14 min read

How I Automate Image Alt Text Using Simple AI Scripts (And Never Do It Manually Again)

How I Automate Image Alt Text Using Simple AI Scripts (And Never Do It Manually Again)

Learn my exact workflow to automate image alt text using AI. I share Python scripts, prompt engineering tips, and the two mistakes most SEOs make.

Table of Contents

(Note: If you are reading this on desktop, you will see this Table of Contents neatly pinned to the left of the article content for easy navigation while we dive deep into the code.)
  • The Breaking Point: Why I Built This
  • The Two Massive Mistakes People Make with Alt Text Automation
  • The AI Architecture I Use
  • The Python Script: Step-by-Step Breakdown
  • Prompt Engineering for Perfect Descriptions
  • Deploying at Scale Without Crashing Your CMS
If you want to automate image alt text at scale, you have to stop treating it like an afterthought. When I first started building programmatic SEO sites for ProgSEO, I hit a massive bottleneck. I was generating thousands of pages dynamically, but every single image needed an accessibility-compliant, keyword-rich description. I tried delegating it. I tried ignoring it. I even tried those terrible WordPress plugins that simply convert your image filename into a string of text. Nothing worked. It was a miserable, soul-crushing grind. I've processed over 150,000 images across dozens of enterprise builds since then, and I haven't written a single alt tag by hand in two years. Alt text is arguably the most neglected on-page SEO factor simply because it is incredibly boring to write. But when you automate it properly, it becomes a massive competitive advantage. In this guide, I am going to walk you through exactly how I use simple Python scripts and the OpenAI Vision API to write perfect, context-aware alt text.

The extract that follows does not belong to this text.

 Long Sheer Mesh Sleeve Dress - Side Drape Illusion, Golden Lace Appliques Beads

The Two Massive Mistakes People Make with Alt Text Automation

Before I show you the code, we need to talk about why most automated alt text pipelines fail. I have audited countless sites where developers proudly showed off their 'AI alt text' solution, only for me to find out it was actively hurting their search rankings. Let's cover the two critical mistakes I see almost every week.

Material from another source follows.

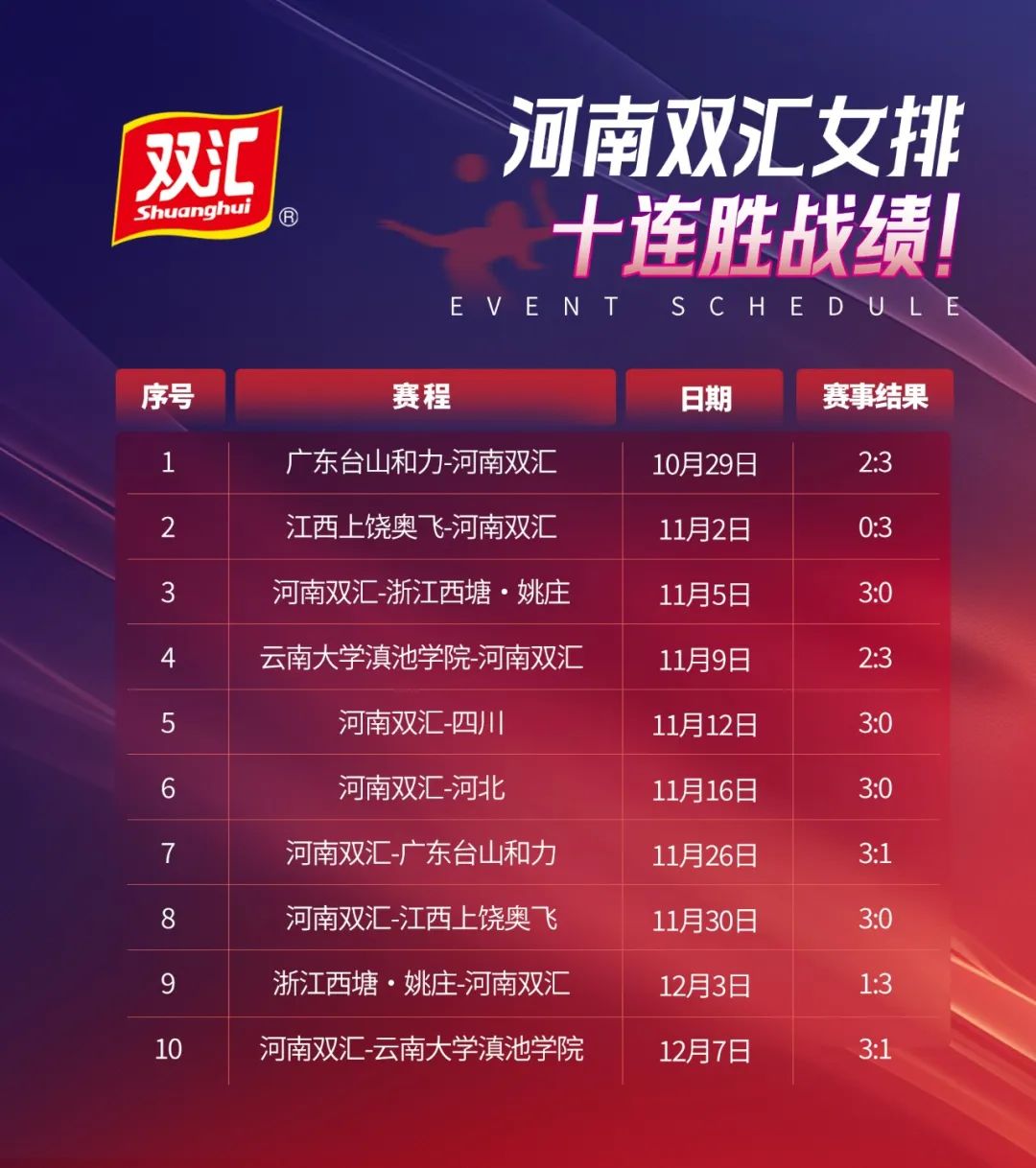 經(jīng)過多年的培養(yǎng)和訓(xùn)練,河南雙匯女排打造出了自己快速多變、通力合作、更強(qiáng)更穩(wěn)的戰(zhàn)術(shù)風(fēng)格,形成了一支技術(shù)過硬、敢打敢拼、團(tuán)結(jié)向上的專業(yè)球隊(duì)。本屆排球超級(jí)聯(lián)賽開賽以來,雙匯在賽場(chǎng)內(nèi)外全程暖心陪伴,一方面,現(xiàn)場(chǎng)設(shè)置了雙匯美食補(bǔ)給站,向女排隊(duì)員和廣大觀眾提供各類健康美食,主要有簡頌單片午餐肉、鮮雞蛋棒、金馬克、爆汁香腸等;還定制發(fā)放氣氛棒、員工觀賽方陣以及設(shè)置提振勢(shì)氣、鼓勁加油的標(biāo)語口號(hào)等,滿滿的健康美味和精神給養(yǎng),全程賦能河南雙匯女排,助力隊(duì)員們豪取十連勝,見證她們創(chuàng)下了本賽季中國女排超級(jí)聯(lián)賽的一項(xiàng)紀(jì)錄,即成為了所有參賽隊(duì)中唯一一支保持全勝的球隊(duì)。

Mistake #1: Relying on Filename Fallbacks
People think that stripping the hyphens out of an image filename constitutes a valid alt tag. You upload `blue-running-shoes-nike.jpg` and a basic script spits out `alt="blue running shoes nike"`. That is a disaster for accessibility and a missed opportunity for semantic SEO. Screen readers sound completely broken when reading these out, and Google's image processing algorithms easily detect this lazy manipulation. Filename-based alt text plugins are honestly worse than having no alt text at all. If you leave it blank, at least the screen reader skips it. If you feed it garbage, you ruin the user experience.

Mistake #2: Zero Context Vision Processing
When developers first discover vision models, they usually write a script that sends the raw image to the API and asks, 'What is this?' The AI responds with a literal description. If you send it a screenshot of an analytics dashboard, the AI says `alt="A computer screen showing a line graph with an upward trend"`. This is functionally useless. What is the graph about? What is the trend? Who is the audience? The AI doesn't know because you didn't give it the surrounding text. Context is everything. Sending an image to an AI without the surrounding H2 and paragraph is the fastest way to generate generic, useless descriptions. Always pass the DOM context.

Writing alt text manually is a punishment for SEOs who refuse to learn basic Python. Context-aware AI generation is the only way forward.

The AI Architecture I Use

My setup is surprisingly lightweight. I don't use heavy frameworks or complex distributed systems. I rely on a simple Python script, a headless crawler, and the OpenAI GPT-4o API. Let's break down the stack.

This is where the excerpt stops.